Input (TPDB TRS_Standard/Transformed_CSR_04/PEANO_nosorts_GM)

The rewrite relation of the following TRS is considered.

a__and(tt,X)	→	mark(X)	(1)
a__plus(N,0)	→	mark(N)	(2)
a__plus(N,s(M))	→	s(a__plus(mark(N),mark(M)))	(3)
mark(and(X1,X2))	→	a__and(mark(X1),X2)	(4)
mark(plus(X1,X2))	→	a__plus(mark(X1),mark(X2))	(5)
mark(tt)	→	tt	(6)
mark(0)	→	0	(7)
mark(s(X))	→	s(mark(X))	(8)
a__and(X1,X2)	→	and(X1,X2)	(9)
a__plus(X1,X2)	→	plus(X1,X2)	(10)

Property / Task

Prove or disprove termination.

Answer / Result

Yes.

Proof (by AProVE @ termCOMP 2023)

1 Rule Removal

Using the linear polynomial interpretation over the naturals

[a__and(x₁, x₂)]	=	1 · x₁ + 2 · x₂
[tt]	=	2
[mark(x₁)]	=	1 · x₁
[a__plus(x₁, x₂)]	=	1 · x₁ + 2 · x₂
[0]	=	0
[s(x₁)]	=	1 · x₁
[and(x₁, x₂)]	=	1 · x₁ + 2 · x₂
[plus(x₁, x₂)]	=	1 · x₁ + 2 · x₂

all of the following rules can be deleted.

a__and(tt,X)

→

mark(X)

(1)

1.1 Rule Removal

Using the Knuth Bendix order with w0 = 1 and the following precedence and weight functions

prec(0)	=	2		weight(0)	=	1
prec(tt)	=	6		weight(tt)	=	1
prec(mark)	=	7		weight(mark)	=	0
prec(s)	=	0		weight(s)	=	1
prec(a__plus)	=	4		weight(a__plus)	=	0
prec(and)	=	1		weight(and)	=	0
prec(a__and)	=	5		weight(a__and)	=	0
prec(plus)	=	3		weight(plus)	=	0

all of the following rules can be deleted.
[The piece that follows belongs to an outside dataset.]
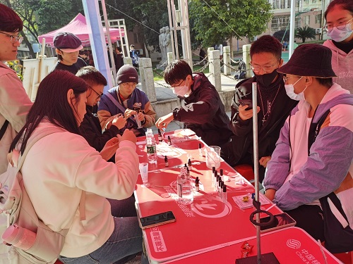 最热闹的当属化学趣味游戏区。游戏区的各种游戏或简或易,但都与一些化学常识有关,“猜猜我是谁”、“喊出我的名字”填字游戏等都吸引了无数同学,还有集体游戏“化合价版一块五”,让同学们在寒冷的冬天一起抱团取暖。当然,最令同学们激动的当属抽奖环节,毕竟是要看手气。有的同学为抽到自己喜欢的奖品而欢呼雀跃,有的同学为手气不佳而遗憾。但不管如何,活动参与感才是同学们大学生活中浓墨重彩的一笔。

a__plus(N,0)	→	mark(N)	(2)
a__plus(N,s(M))	→	s(a__plus(mark(N),mark(M)))	(3)
mark(and(X1,X2))	→	a__and(mark(X1),X2)	(4)
mark(plus(X1,X2))	→	a__plus(mark(X1),mark(X2))	(5)
mark(tt)	→	tt	(6)
mark(0)	→	0	(7)
mark(s(X))	→	s(mark(X))	(8)
a__and(X1,X2)	→	and(X1,X2)	(9)
a__plus(X1,X2)	→	plus(X1,X2)	(10)

1.1.1 R is empty

There are no rules in the TRS. Hence, it is terminating.